On Creativity

When an artist or inventor creates something truly original, we tend to envision it as a thunderbolt, a flash of genius striking from above. Imagine Picasso painting La Demoiselles D’Avignon, the first Cubist work, with its startling multiple angles and unprecedented gorgeous weirdness. How did that happen?

That’s one of the questions that Time magazine’s special issue The Science of Creativity, edited by my friend (and Gotham student!) Richard Jerome, tries to answer.  It’s a fascinating read, full of insights into how and why humans make art, tell stories, and invent things.
In “Under the Hood of Creativity,” writers Anthony Brandt and David Eagleman explore what happens in the brains of people who invent something humanity has never seen before—like Picasso, or geneticist Randy Lewis, who spliced spider DNA into a goat. (Really. That’s not a Marvel comic.)

“When an artist breaks the mold to create something [novel], it is the result of basic software running in the brain,” Brandt and Eagleman write. “The brain doesn’t passively take things in like a recorder; instead, it constantly works over the sensory data it receives.”

According to Brandt and Eagleman, the brain works external data into something new in three basic ways: it can bend it, break it, or blend it.

In bending, the brain manipulates data into a new shape. It’s architect Frank Gehry looking at the flat faces of buildings and finding a way to make them undulate.

In breaking, the brain takes information, breaks it into pieces, then reassembles it into something new. Picasso looked at human faces and then sectioned them into triangles, eyes stacked one atop the other.

In blending, the brain combines familiar ingredients in new recipes. At Apple, Steve Jobs synthesized existing code, hardware, and software and then stuck it in your pocket.

Cautionary note: I’m not saying that bending, breaking, and blending are all that matter when writing. We’ve all read something that tried to be fabulous, famous, or fresh, for the sake of being fabulous, famous, or fresh, and the results were usually disastrous.

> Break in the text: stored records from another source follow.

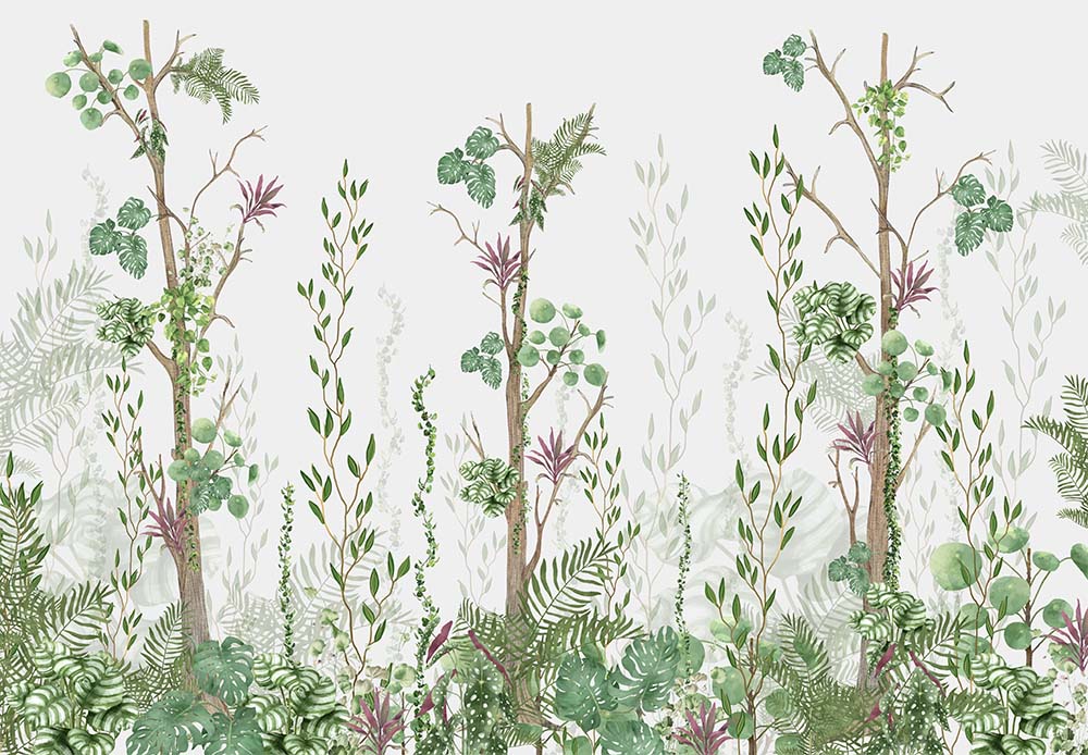 Ağaçlar Sarmaşıklar ve Yapraklar Özel Tasarım Duvar Kağıdı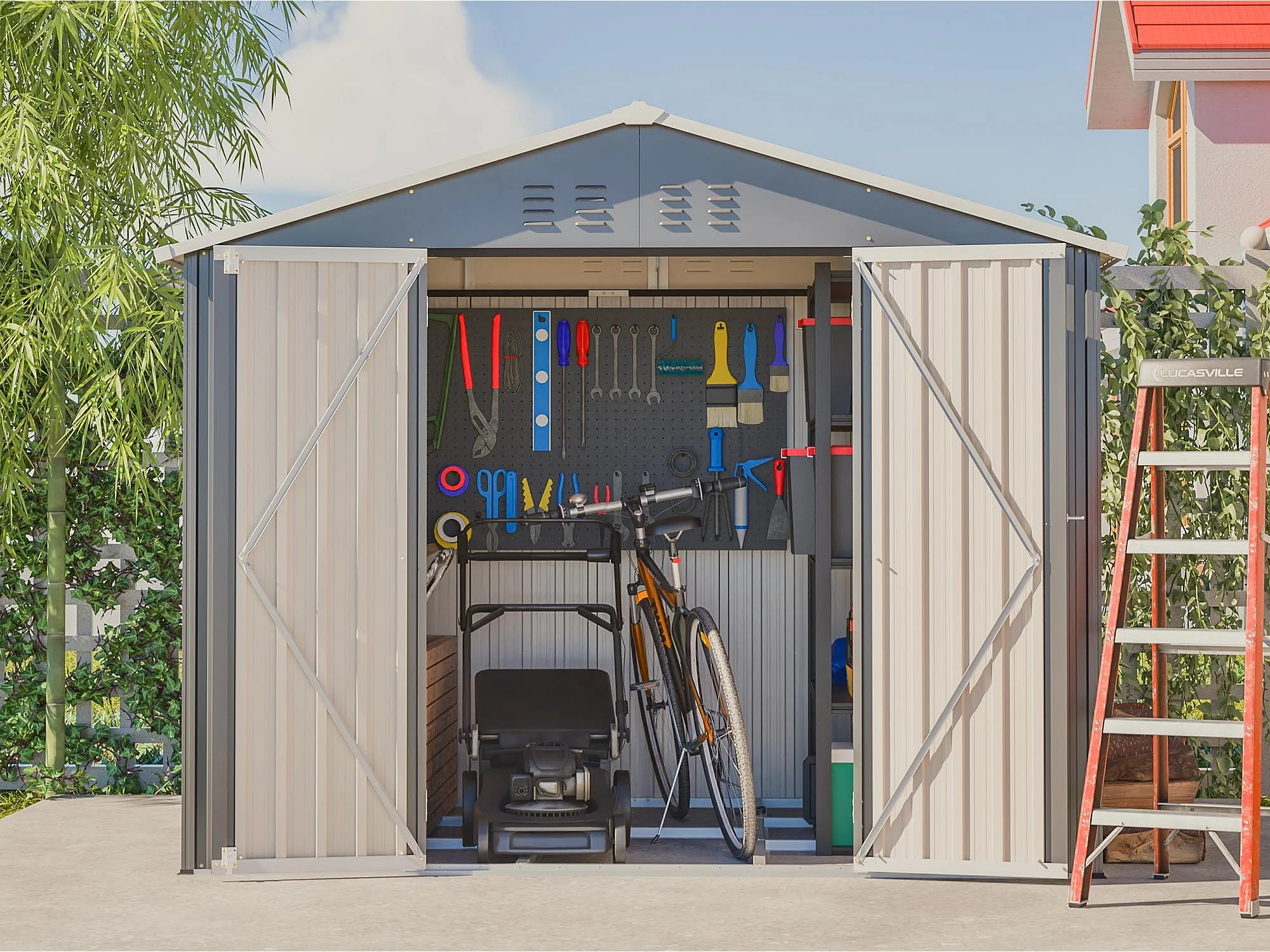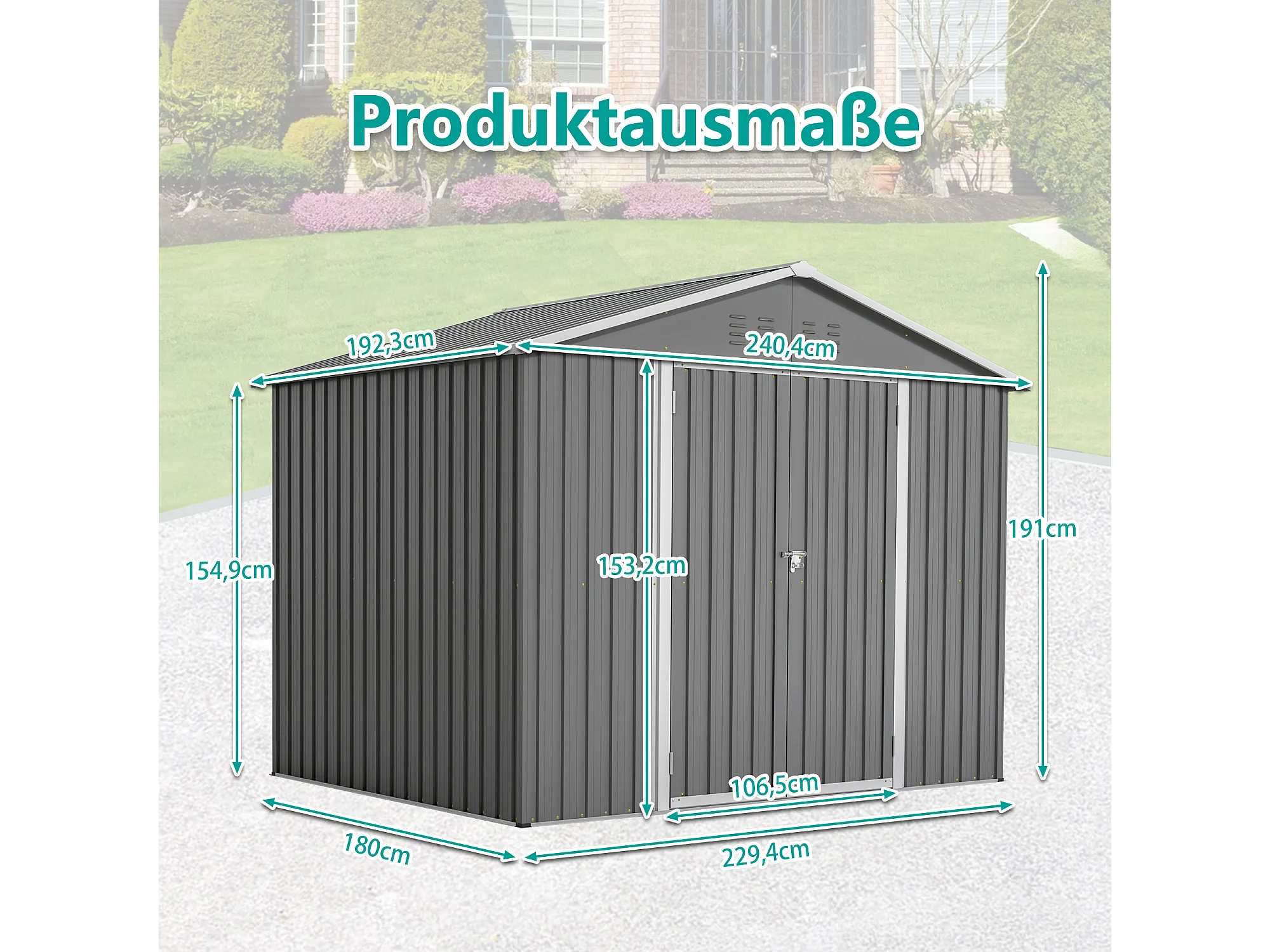 Abri de jardin métallique 240 x 180 cm – acier galvanisé, abri de rangement extérieur avec porte coulissante et ventilation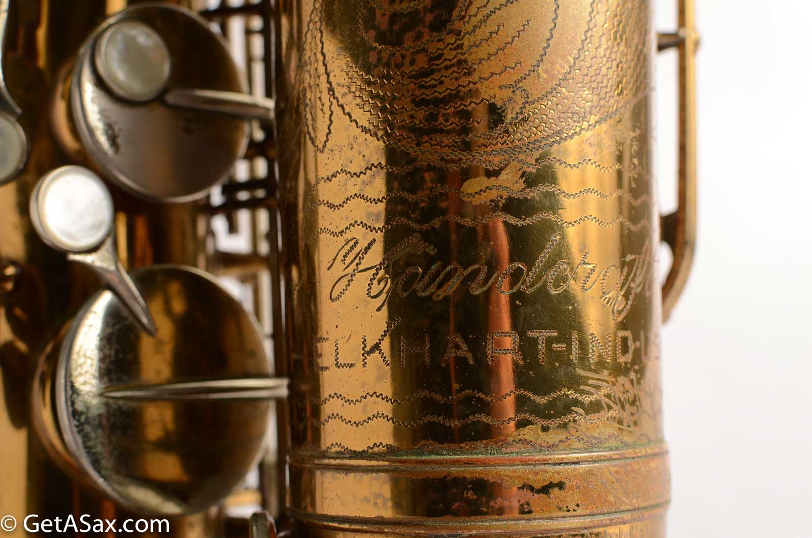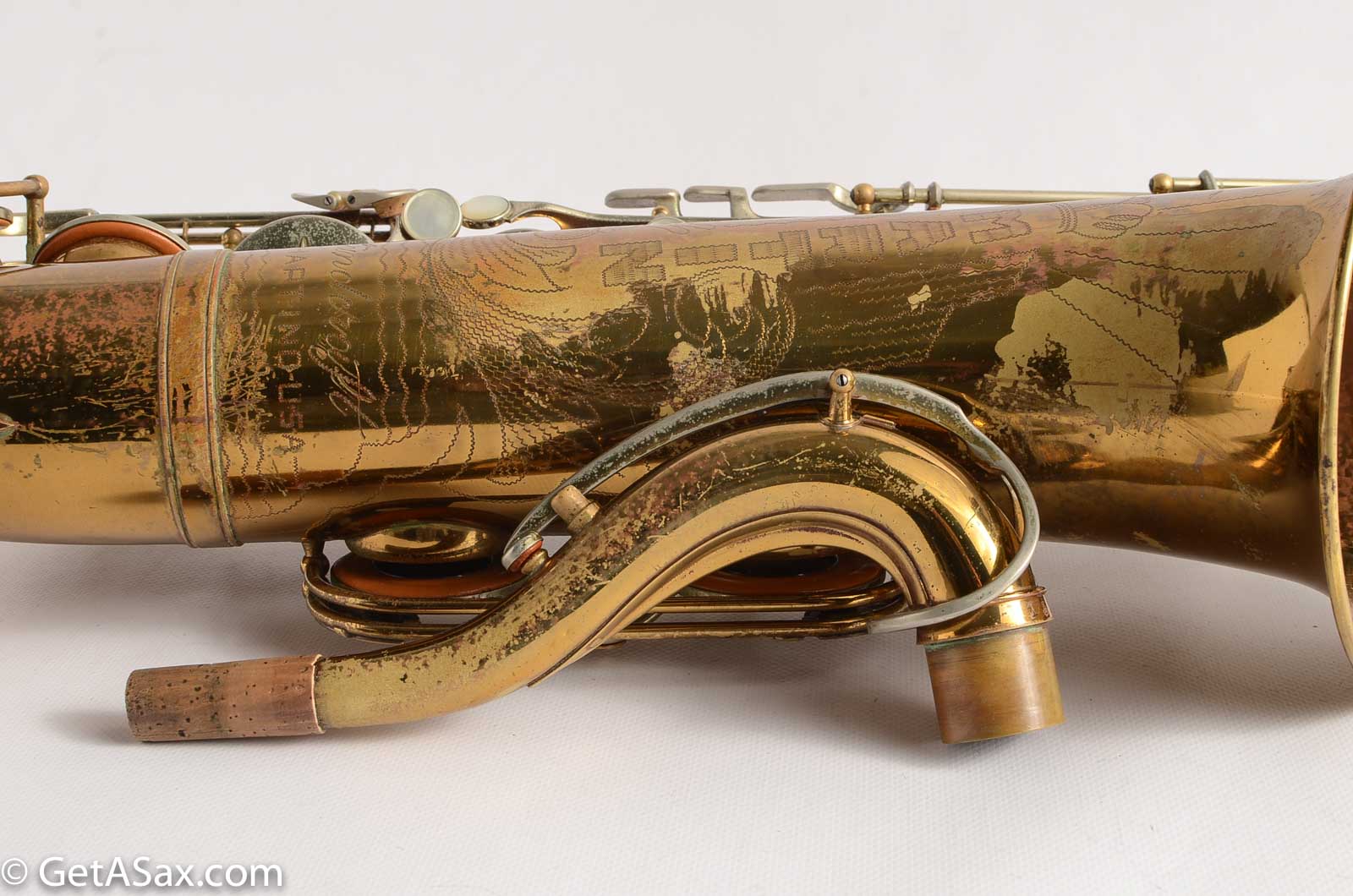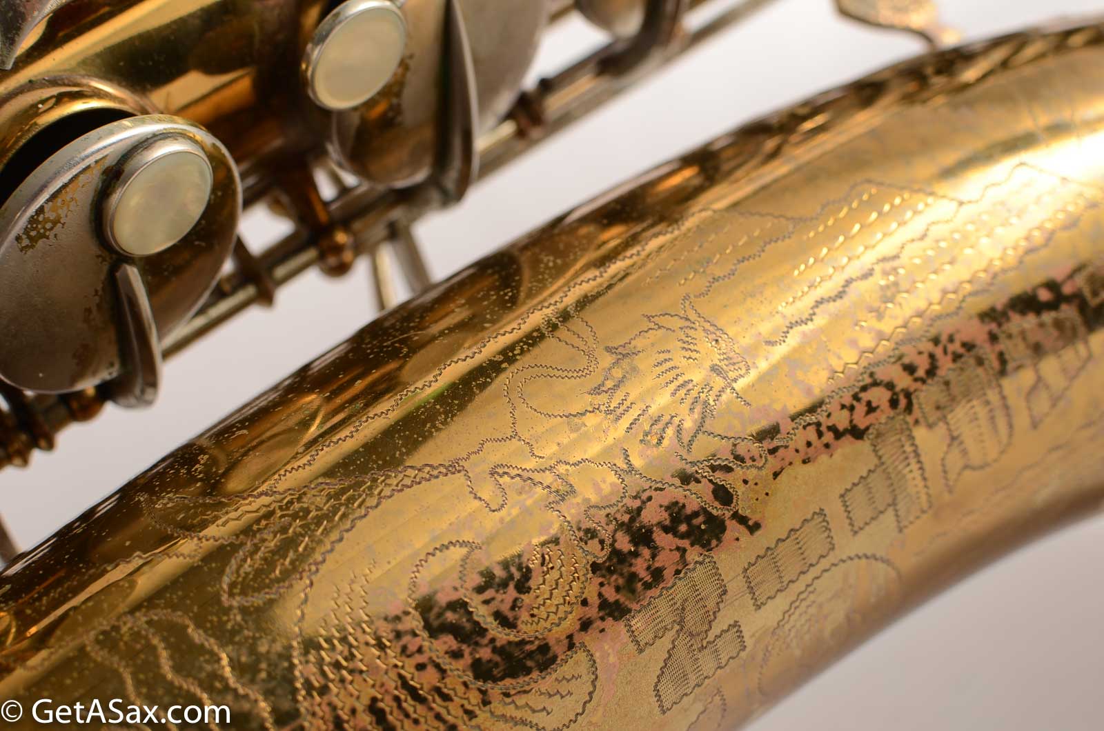 This is original lacquer, and it is in good condition with only regular play wear from use. The only resolder is on one leg of the low C guard, and that's it for repairs. The lines in the lacquer on the back of the body tube near the octave key are from polishing, not from dent work. I don't see any evidence of dent work. The pads are all sealing well, and this horn is tons of fun to play, with a big, lively feel that may startle some players who are used to relatively-tame modern saxophones!

Instead, use bending, breaking, and blending to wrest your own story out of your head. Plot giving you a hard time? Try breaking it into pieces. Character feeling flat and one-dimensional? Hoover up details about people you know, people in the news, people on the subway—and blend them until you create someone you may never have imagined before.

And don’t limit yourself to using these ideas only in your writing. As Richard, the editor, said, creativity “is fundamental to being human—we use creativity countless ways in the course of our daily lives—even to do something so obviously mundane as balancing our checkbooks.”